Do you want our state to sanction the death of its citizens by not doing everything it can to protect them? We are at war, and pretending we're not would be giving up and letting the enemy invade.
It's probably worth re-visiting the article I posted a couple of weeks ago by Dr John Lee.

Granted it's a few weeks old now which, in these fast moving times is lifetime, but the argument he provides remains valid.

https://www.spectator.co.uk/article/The-evidence-on-Covid-19-is-not-as-clear-as-we-think

Eddie Large (78, overweight, an heart transplant patient and in hospital being treated for heart failure) died with the virus - what will his death certificate state as the cause of death?
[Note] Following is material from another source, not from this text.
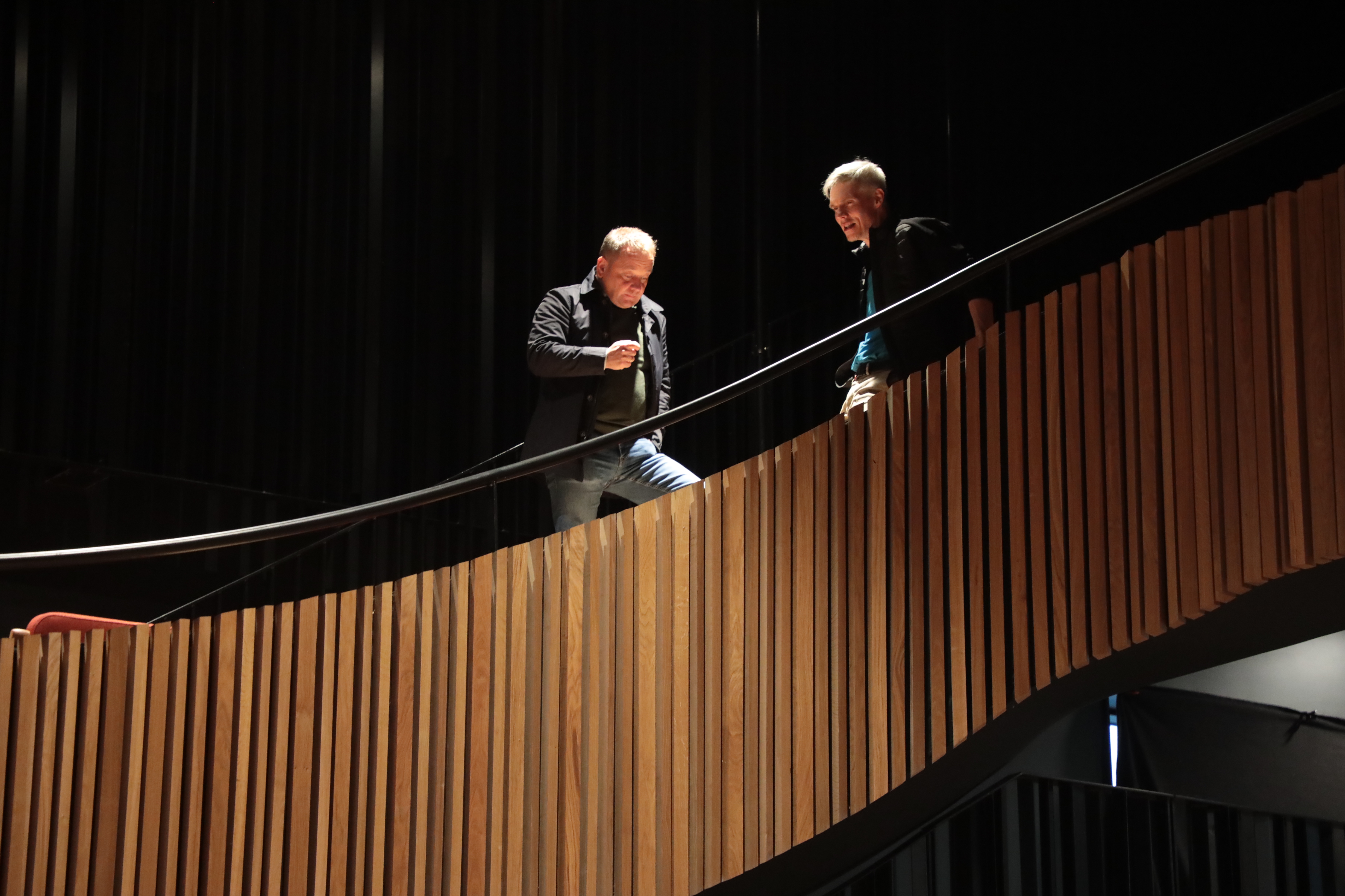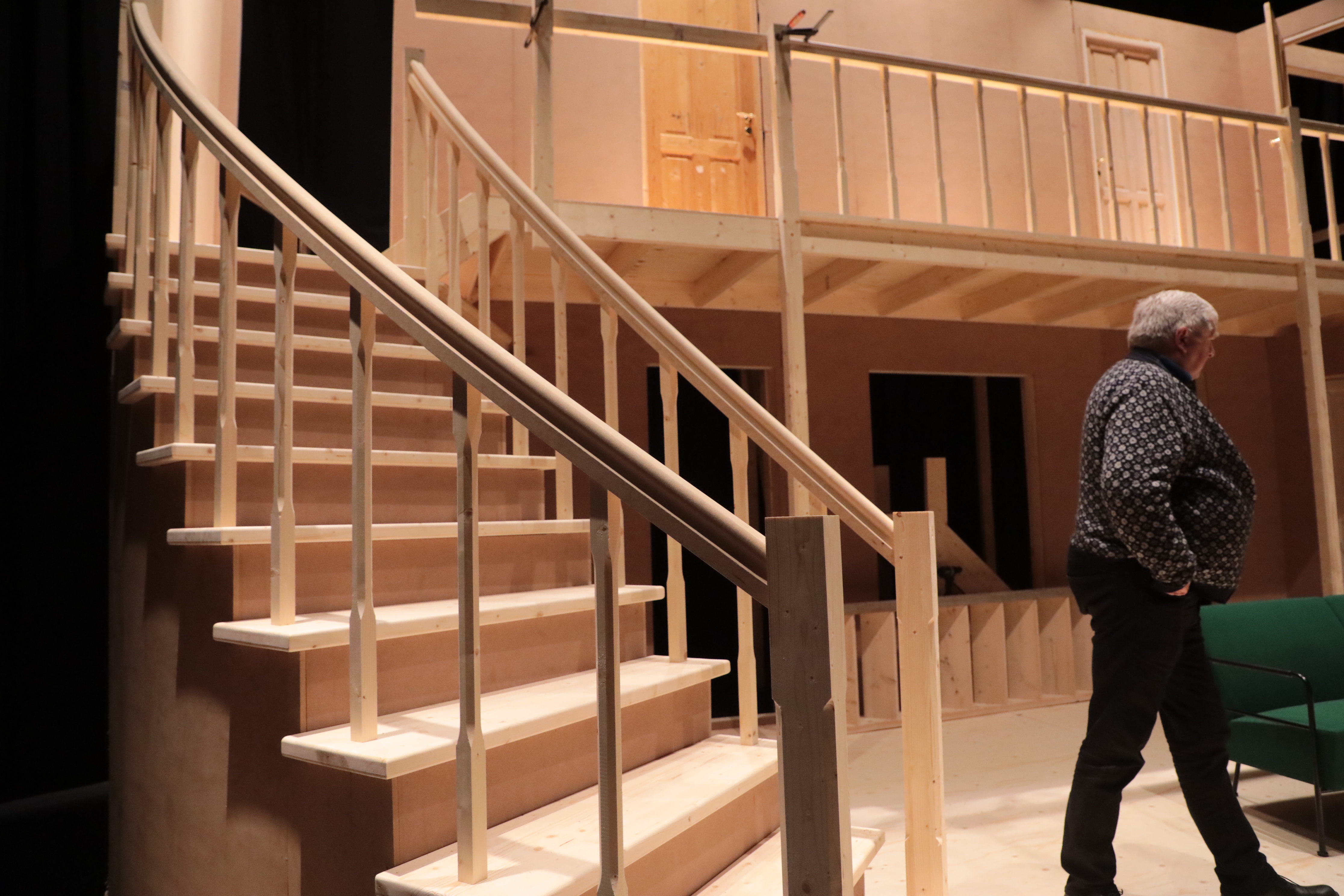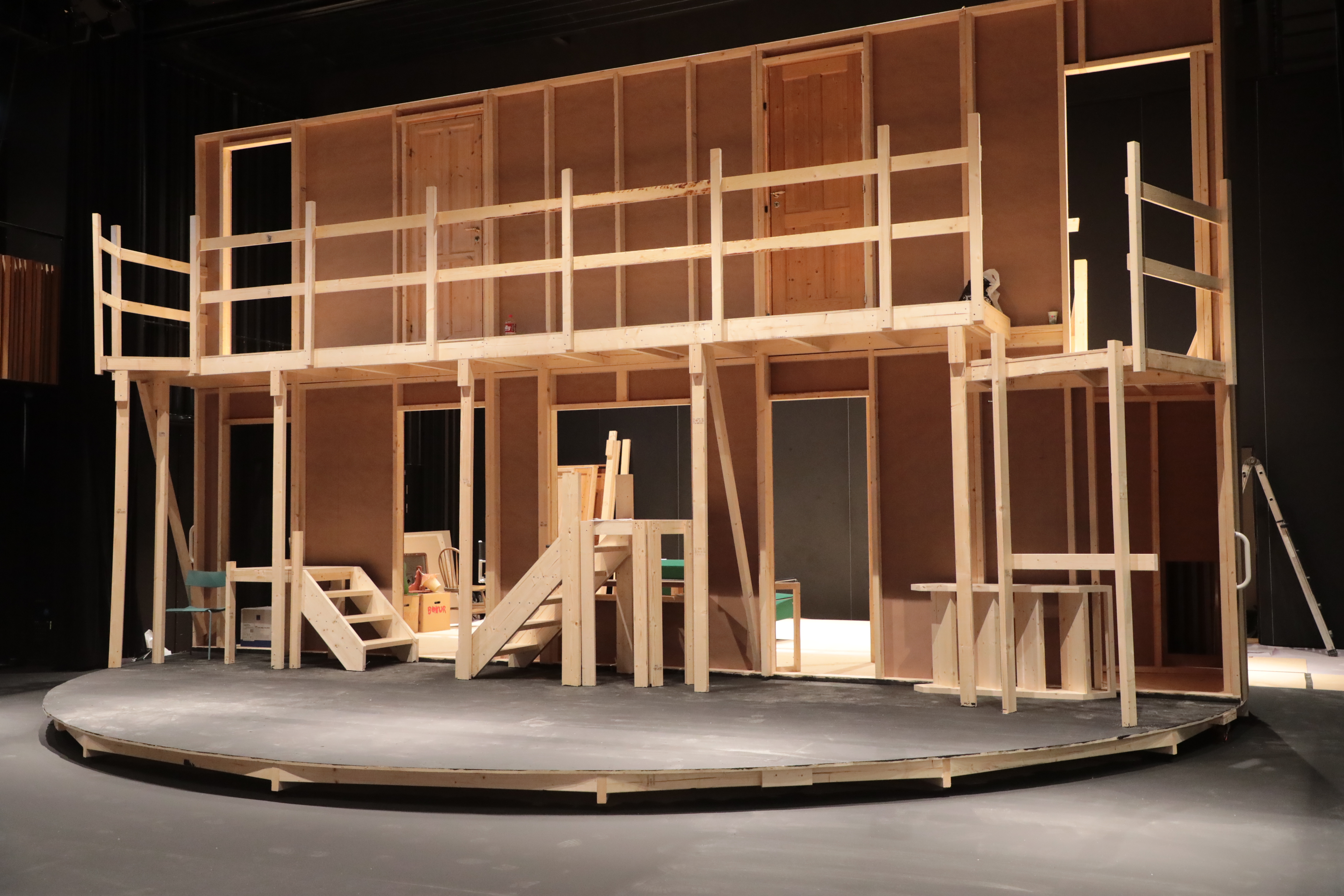 Ein frálík løta frammanfyri stóra pallin, ið er undir byggjan fyri stóra leikinum ”Friður á Pallinum”, sum verður sýndur seinni í mánaðinum – ein rulliscena á 9 m í diametur, sum Edward Fuglø og Tekniski skúli skipa fyri.

If Covid-19, then that's clearly a nonsense because in all likelihood he was probably already on his way out.
I think NJ might mean it is a discrete condition, rather than discreet?
We are getting reports across the world that hospital resources are stretched thin, and people are dying in far greater numbers in intensive care than usual. I'm curious why there is still a dispute that Coronavirus accelerates death, which is more or less identical to causing it. There will be difficulties for sure in understanding the overlap between those who would have died today anyway, and those who died today specifically because of Covid-19, but it's certainly not total.

Given also that not everyone who died from Covid-19 was known to have it there's at least as much reason to suppose that deaths are under-reported than over-reported. In the US, Fauci has said as much several times.
That was my point, DD. Because covid is notifiable, it will be recorded on death certificates, no matter whether it was the cause or not.
Jim, no, accelerating is not the same as cause... and neither is that easy to prove. Although I agree, in general, it is probably under-reported... but- we seem to be taking notice of everyone who dies "with" it and using it as a cause, when that is not necessarily the case.
Why do you continue to argue over "with" or "of"? It's not the point.
When someone dies from pneumonia, respiratory distress or chronic obstructive pulmonary disease, or anything else, and had exhibited coronavirus symptoms, their certificate will list COVID-19 as a presumed contributing factor, what’s known as comorbidity.

It won’t be listed as the sole cause.
Zacs, my point was, that the actual cause of this lady's death (and other examples if required), were not noted at all.
It is, when looking at statistics, ellipsis. Obviously, I'm not saying it's nothing to worry about... just questioning the inaccuracy of recording.
One looks at the available stats and there seems to be a massive discrepancy between “the west” and “the rest”
No one yet knows why that might be.
It's a complete red herring, pixie. You are looking in the wrong place, misled by semantics.

New York, the best example of doing too little too late, has gone from 25 deaths per week to 24 deaths per day, and all of those extra deaths are CV-19 associated. With or of, who cares? Just how do you explain those extra deaths?

https://news.sky.com/story/coronavirus-new-york-victims-without-family-buried-in-mass-grave-on-hart-island-11971679
It isn't semantics, ellipsis. If we want to protect people, accuracy is useful. I don't understand why you aren't bothered by the difference?